*INPUT DATA*.

· · · · · · ·

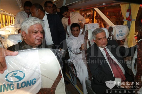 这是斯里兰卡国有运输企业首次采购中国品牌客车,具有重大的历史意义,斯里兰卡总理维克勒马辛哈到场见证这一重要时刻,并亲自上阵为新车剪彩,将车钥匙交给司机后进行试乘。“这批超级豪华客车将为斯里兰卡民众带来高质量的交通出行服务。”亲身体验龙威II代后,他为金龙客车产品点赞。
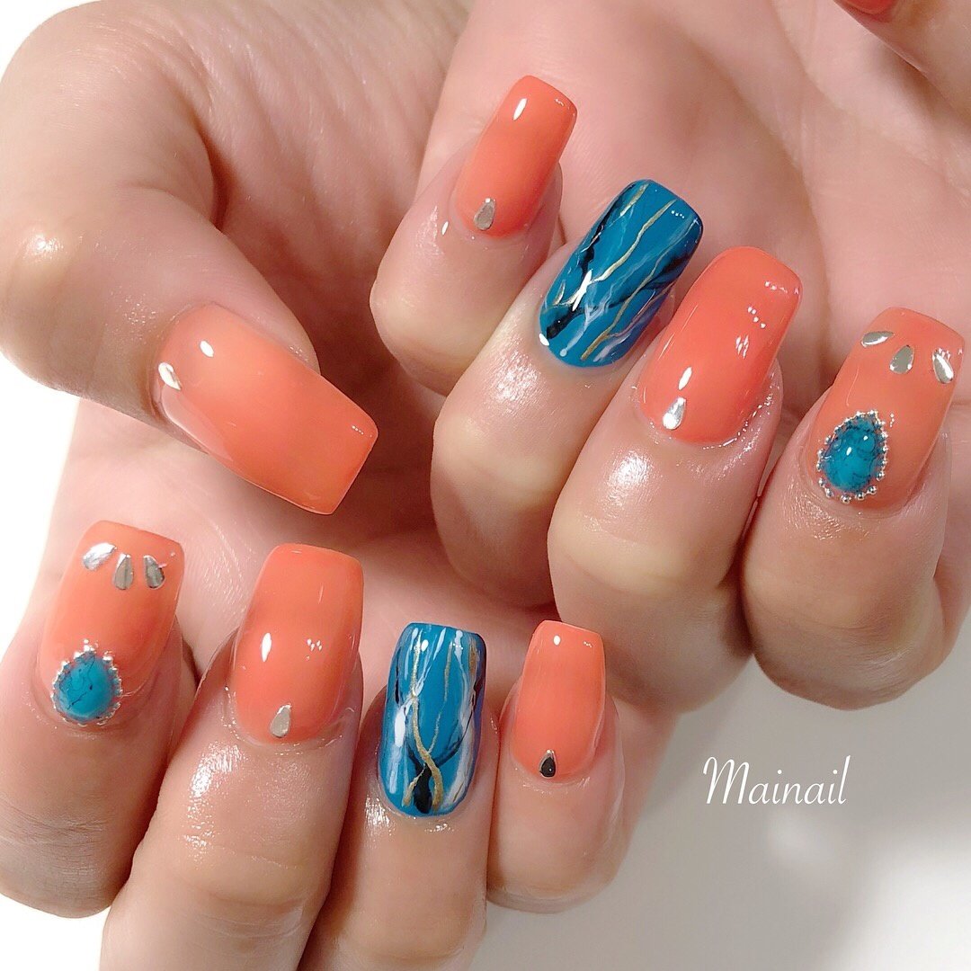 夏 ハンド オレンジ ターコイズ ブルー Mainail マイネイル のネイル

· · · · · · ·

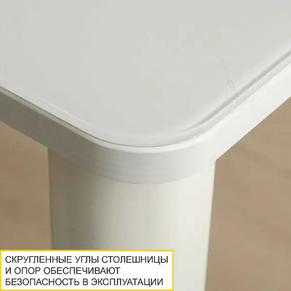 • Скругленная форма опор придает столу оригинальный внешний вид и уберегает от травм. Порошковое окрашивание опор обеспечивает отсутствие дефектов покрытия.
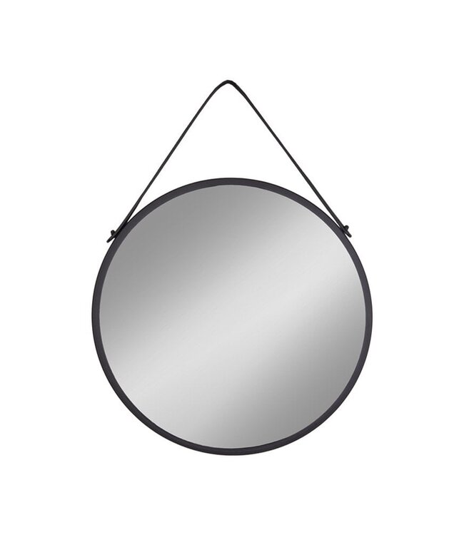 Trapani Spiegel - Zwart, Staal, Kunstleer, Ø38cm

· · · · · · ·

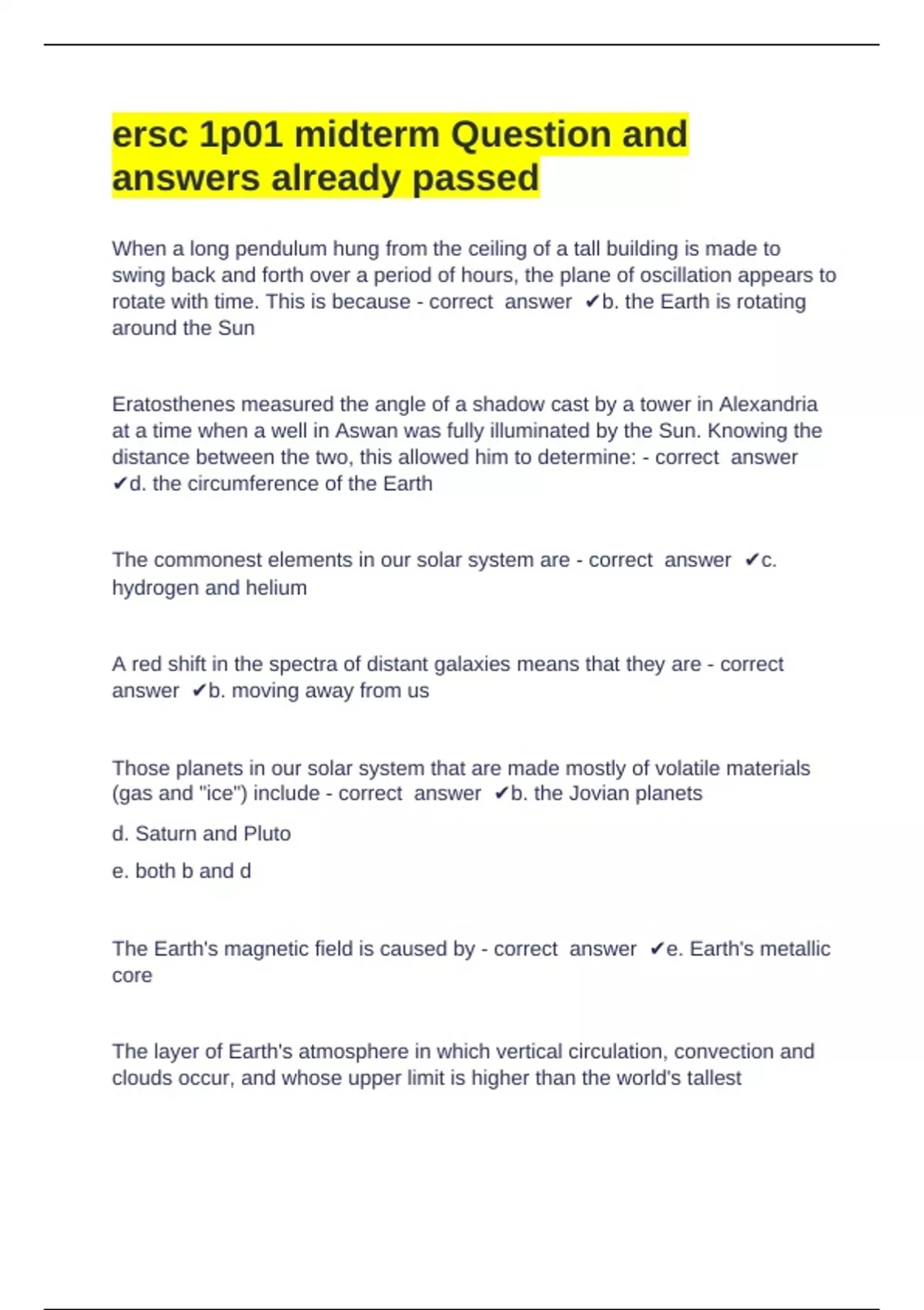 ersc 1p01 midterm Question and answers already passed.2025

· · · · · · ·

Reproduce word for word, with pictures dropped, only the part of the material above that opens with the line containing "这是斯里兰卡国有运输企业首次" and closes with the line containing "夏 ハンド オレンジ ターコイズ ブルー Mainail マイネイル のネイル".

 这是斯里兰卡国有运输企业首次采购中国品牌客车,具有重大的历史意义,斯里兰卡总理维克勒马辛哈到场见证这一重要时刻,并亲自上阵为新车剪彩,将车钥匙交给司机后进行试乘。“这批超级豪华客车将为斯里兰卡民众带来高质量的交通出行服务。”亲身体验龙威II代后,他为金龙客车产品点赞。
 夏 ハンド オレンジ ターコイズ ブルー Mainail マイネイル のネイル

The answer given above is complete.